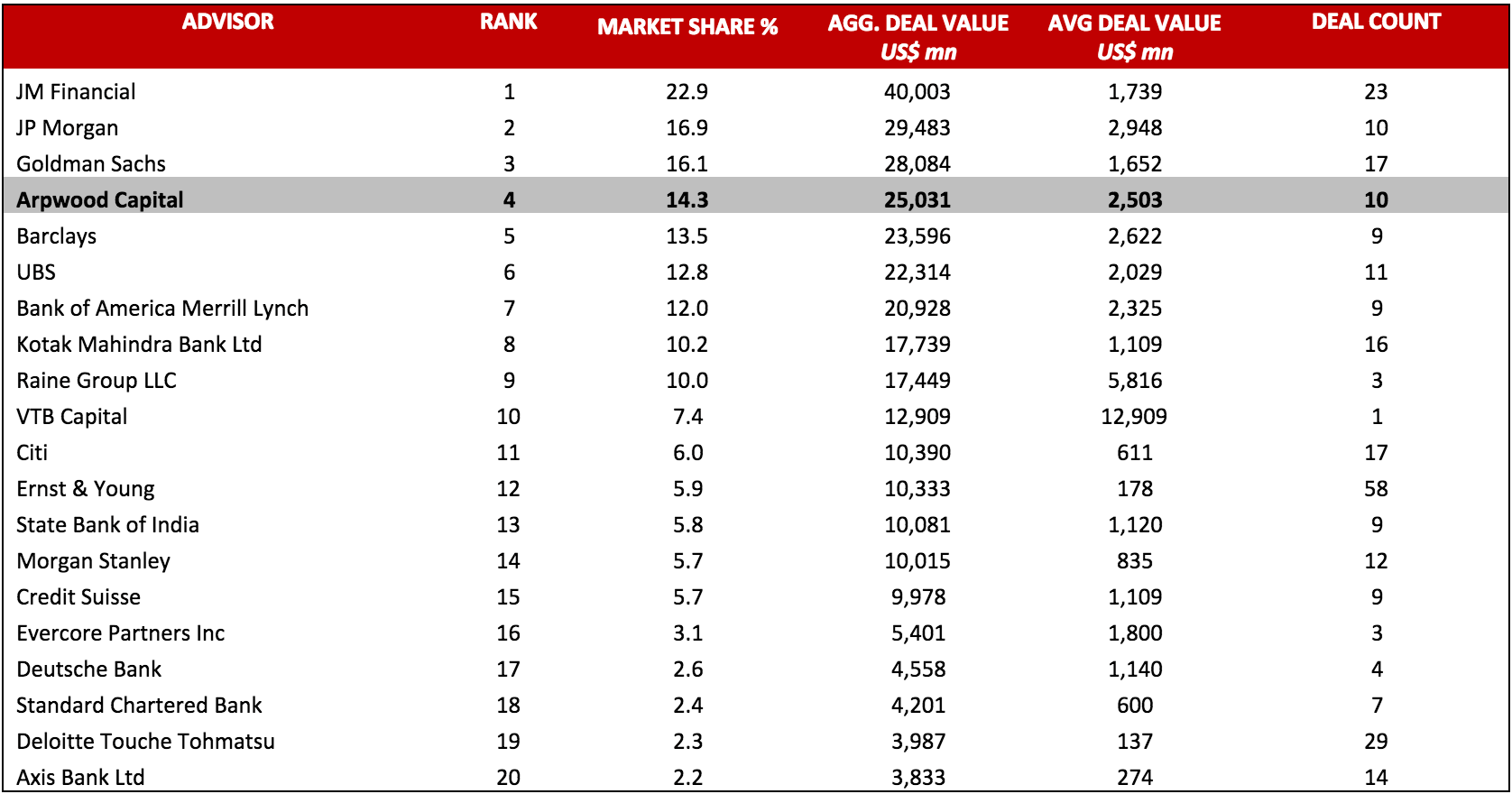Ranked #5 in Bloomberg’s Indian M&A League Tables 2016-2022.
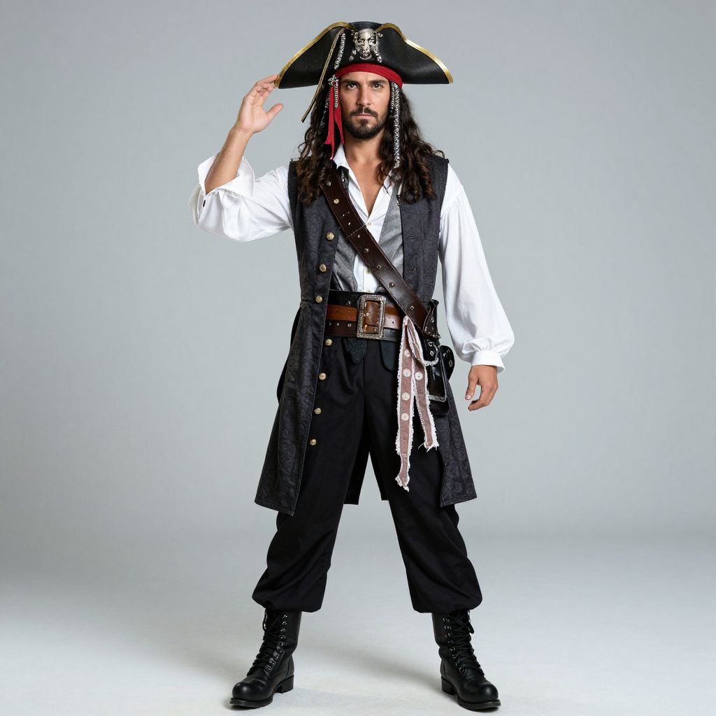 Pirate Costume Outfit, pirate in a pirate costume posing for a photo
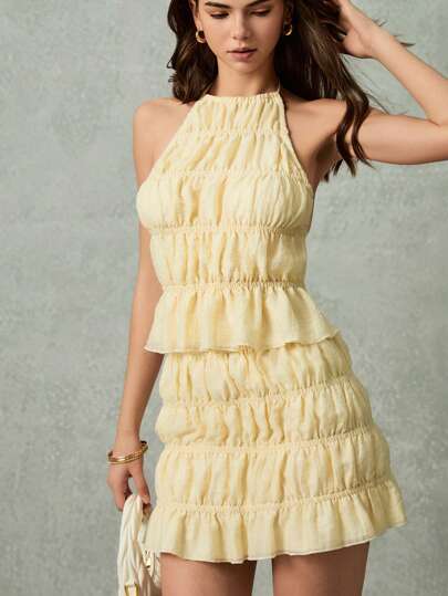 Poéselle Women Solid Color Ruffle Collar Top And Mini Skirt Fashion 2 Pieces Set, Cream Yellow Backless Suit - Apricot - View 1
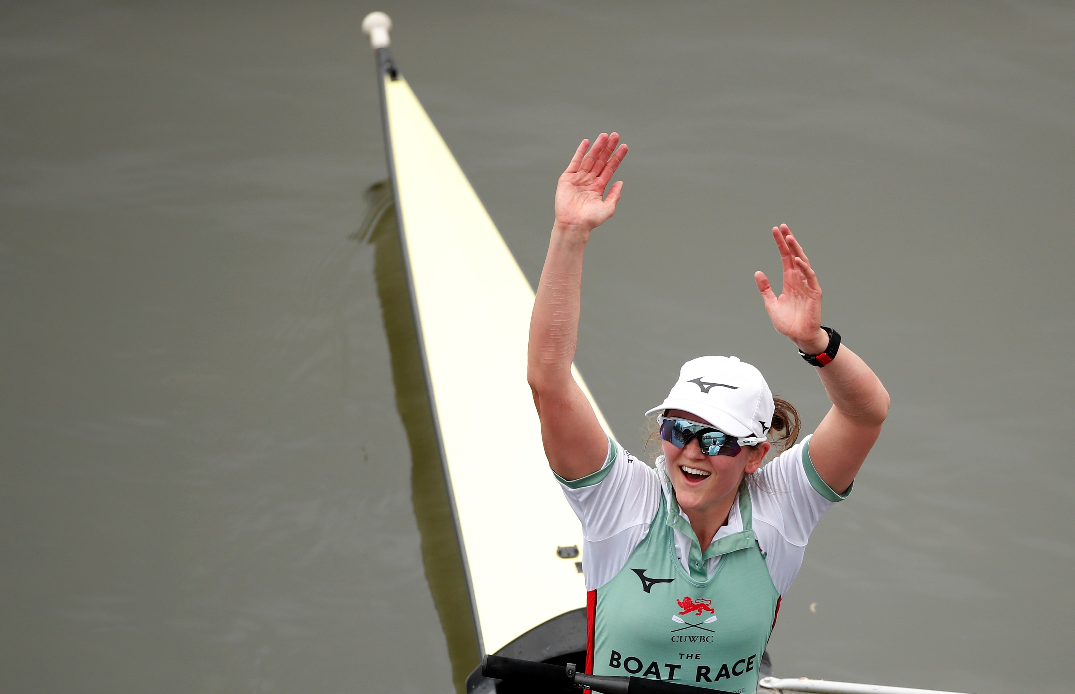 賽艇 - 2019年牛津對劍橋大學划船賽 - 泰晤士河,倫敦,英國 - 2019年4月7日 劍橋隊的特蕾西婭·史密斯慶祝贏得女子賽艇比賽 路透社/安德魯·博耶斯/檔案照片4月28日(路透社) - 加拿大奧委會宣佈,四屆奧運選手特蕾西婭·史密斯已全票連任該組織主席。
■ ■ ■ ■
_What the task asks_
The lines from the one that contains "Pirate Costume Outfit, pirate" through the end of the data, repeated exactly and with no pictures, make up the whole answer.

_The completed task_
 Pirate Costume Outfit, pirate in a pirate costume posing for a photo
 Poéselle Women Solid Color Ruffle Collar Top And Mini Skirt Fashion 2 Pieces Set, Cream Yellow Backless Suit - Apricot - View 1
 賽艇 - 2019年牛津對劍橋大學划船賽 - 泰晤士河,倫敦,英國 - 2019年4月7日 劍橋隊的特蕾西婭·史密斯慶祝贏得女子賽艇比賽 路透社/安德魯·博耶斯/檔案照片4月28日(路透社) - 加拿大奧委會宣佈,四屆奧運選手特蕾西婭·史密斯已全票連任該組織主席。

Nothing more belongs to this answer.